NOTE: Although you can specify any value for the container name in the FROM clause, we recommend you use the container name for consistency.

Perform parameterized queries by passing a dictionary containing the parameters and their values to CosmosClient.QueryItems:

discontinued_items = client.QueryItems(
    "dbs/" + database_id + "/colls/" + container_id,
    {
        'query': 'SELECT * FROM root r WHERE r.id=@id',
        'parameters': [
            {'name': '@id', 'value': 'item3'}
        ]
    },
    {'enableCrossPartitionQuery': True})
for item in discontinued_items:
    print(json.dumps(item, indent=True))

For more information on querying Cosmos DB databases using the SQL API, see Query Azure Cosmos DB data with SQL queries.
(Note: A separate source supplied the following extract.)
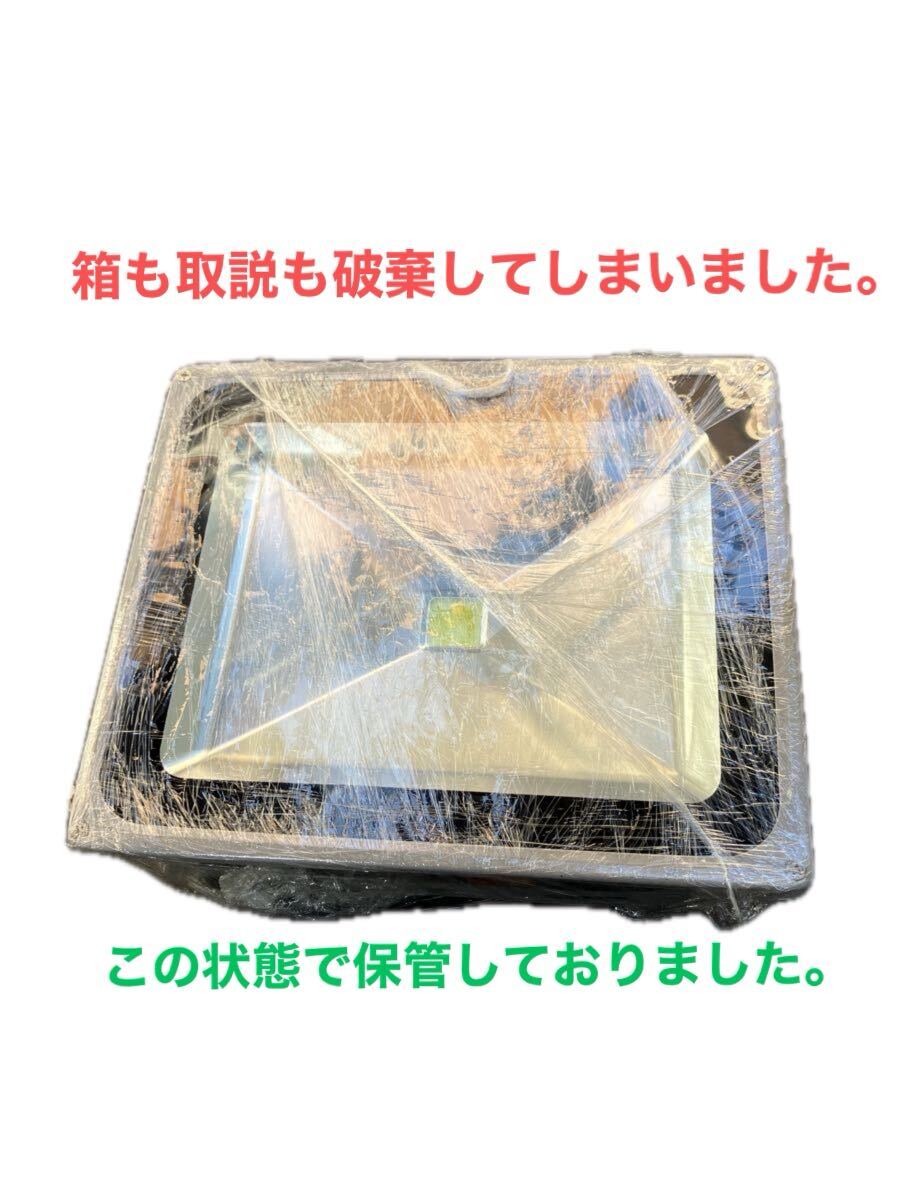 コロナ禍で仕事が一気に減った頃、屋根外壁のリフォームDIYで必要と思い購入致しました結果一度も使用せず小さいサイズの投光器を使いこの大きな50Wは使用せず保管、写真を取り為に包装してあったビニールを破いたところです。説明書も箱もすでに処分してある為、簡易的ですが梱包して直ぐにお送り致しますわずらわしいお送り費用の重さやサイズ等気にせずこちらでお送り費用ご用意させて頂きます。

Modify container properties

Certain properties of an existing container can be modified. This example sets the default time to live (TTL) for items in the container to 10 seconds:

container = client.ReadContainer("dbs/" + database_id + "/colls/" + container_id)
container['defaultTtl'] = 10
modified_container = client.ReplaceContainer(
    "dbs/" + database_id + "/colls/" + container_id, container)
# Display the new TTL setting for the container
print(json.dumps(modified_container['defaultTtl']))

For more information on TTL, see Time to Live for Azure Cosmos DB data.

Troubleshooting

General

When you interact with Cosmos DB using the Python SDK, errors returned by the service correspond to the same HTTP status codes returned for REST API requests:

HTTP Status Codes for Azure Cosmos DB

For example, if you try to create a container using an ID (name) that's already in use in your Cosmos DB database, a 409 error is returned, indicating the conflict. In the following snippet, the error is handled gracefully by catching the exception and displaying additional information about the error.

try:
    container = client.CreateContainer("dbs/" + database['id'], container_definition)
except errors.HTTPFailure as e:
    if e.status_code == http_constants.StatusCodes.CONFLICT:
        print("""Error creating container
HTTP status code 409: The ID (name) provided for the container is already in use.
The container name must be unique within the database.""")
    else:
        raise e

Next steps

For more extensive documentation on the Cosmos DB service, see the Azure Cosmos DB documentation on docs.microsoft.com.

Contributing

This project welcomes contributions and suggestions. Most contributions require you to agree to a Contributor License Agreement (CLA) declaring that you have the right to, and actually do, grant us the rights to use your contribution. For details, visit https://cla.microsoft.com.

When you submit a pull request, a CLA-bot will automatically determine whether you need to provide a CLA and decorate the PR appropriately (e.g., label, comment). Simply follow the instructions provided by the bot. You will only need to do this once across all repos using our CLA.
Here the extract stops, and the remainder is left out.